Tuesday, February 15, 2011

Maria Montessori

Maria Montessori was born in Ancona, Italy in 1870. She quickly distinguished herself from other girls of her social standing (middle-class but not very well off) by her determination to have a good education. In the face of opposition from her father she studied engineering at University and later switched to medicine; eventually she qualified as Italy's first woman physician.
Circumstances forced upon her the role of a pioneer for women's rights, and throughout the first half of her life every achievement was gained in the face of opposition from men who could not accept her encroachment upon their professional lives - which until then had been exclusively male preserves.
She was highly intelligent, accustomed to question the dogmas of her time and passionately committed to humanitarian causes. These factors combined to awaken her interest in the development of intelligence in the human being and in how children can be helped to achieve their full potential.
In 1901 she was appointed director of a centre for 'deficient and insane' children in Rome. She was appalled by the lack of respect shown to the children by the nursing staff and the starkness of the surroundings in which they were kept. She became personally involved in providing them with loving care and in enriching their environment. 
The application of a systematic, scientific approach combined with a loving,  maternal relationship with the children, allowed her to tailor programmes of education relevant to their specific needs - soon they began to learn things of which they had previously been considered incapable.
Her 'deficient' students were able to pass exams sat by 'normal' children of comparable ages in the public school system.
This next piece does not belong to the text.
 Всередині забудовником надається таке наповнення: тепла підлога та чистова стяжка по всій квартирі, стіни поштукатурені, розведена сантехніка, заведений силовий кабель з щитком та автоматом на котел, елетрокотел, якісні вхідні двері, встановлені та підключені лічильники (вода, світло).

The authorities would have been happy to applaud her results if she had been prepared to restrict herself to the specialist field of teaching children with special needs, but, awkwardly, Maria Montessori was not content to be sidelined in that way. She pointed out that the conclusion to de drawn from her results was not that she was an exceptionally good teacher but rather that the public school system achieved very little for the children who were forced to go through it.

"I studied the
children and
 they taught
 me how to
 teach them."

In 1907 she was given the chance to organise day-care for pre-school-age children from the slums of one of Rome's worst suburbs. Previous provision for the children had been appalling and they came from such squalid home conditions that they had little conception of how to behave in a civilised manner.
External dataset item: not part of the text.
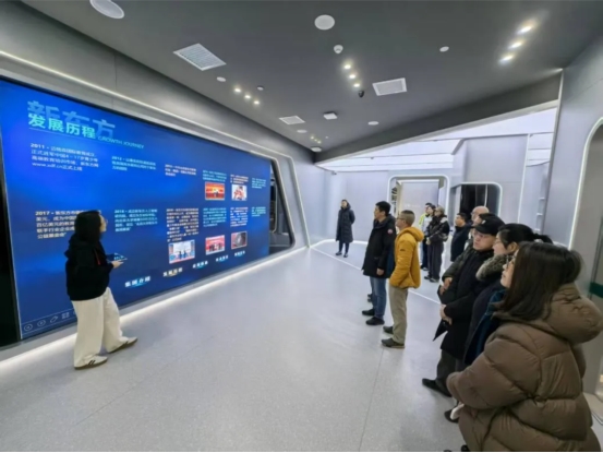 活动当天,东城科技馆行政团队走进新东方智慧中心,实地参访并沉浸式体验了AI互动教学系统等前沿智慧教学工具。

Maria Montessori applied what she had already learnt; she gave the children an opportunity to care for, and maintain, their own environment; she showed them how to look after themselves; and she provided them with interesting and well-constructed materials. Soon her results started to exceed even what she had expected. Whereas the children with special needs had had to be encouraged to take an interest in the materials that she provided, these children had an avid interest in everything - especially in objects that were clearly identifiable as being related to things in real life or which challenged the mind in a new way.
These 'Casa dei Bambini' (Children's Houses) established Maria Montessori's reputation and attracted attention from all around the world.
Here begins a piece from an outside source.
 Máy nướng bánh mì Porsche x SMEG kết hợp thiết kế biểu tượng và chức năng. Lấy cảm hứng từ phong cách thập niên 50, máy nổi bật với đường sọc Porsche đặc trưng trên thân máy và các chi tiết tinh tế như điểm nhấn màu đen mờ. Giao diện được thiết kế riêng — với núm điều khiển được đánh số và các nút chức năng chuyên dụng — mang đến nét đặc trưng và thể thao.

Worldwide interest in her methods was intense, and she travelled to America in 1913 where she worked with Alexander Graham Bell, Thomas Edison and Helen Keller. Subsequently many of her ideas were incorporated into nursery schools across the western world.
She returned to Italy to work as the director of schools in 1922  but left in 1934, due to her opposition to fascism. She spent the Second World War in India where she was interned by the British but was allowed to continue working - training teachers - and after the war founded teacher training centres in London and in the Netherlands. She died in 1952.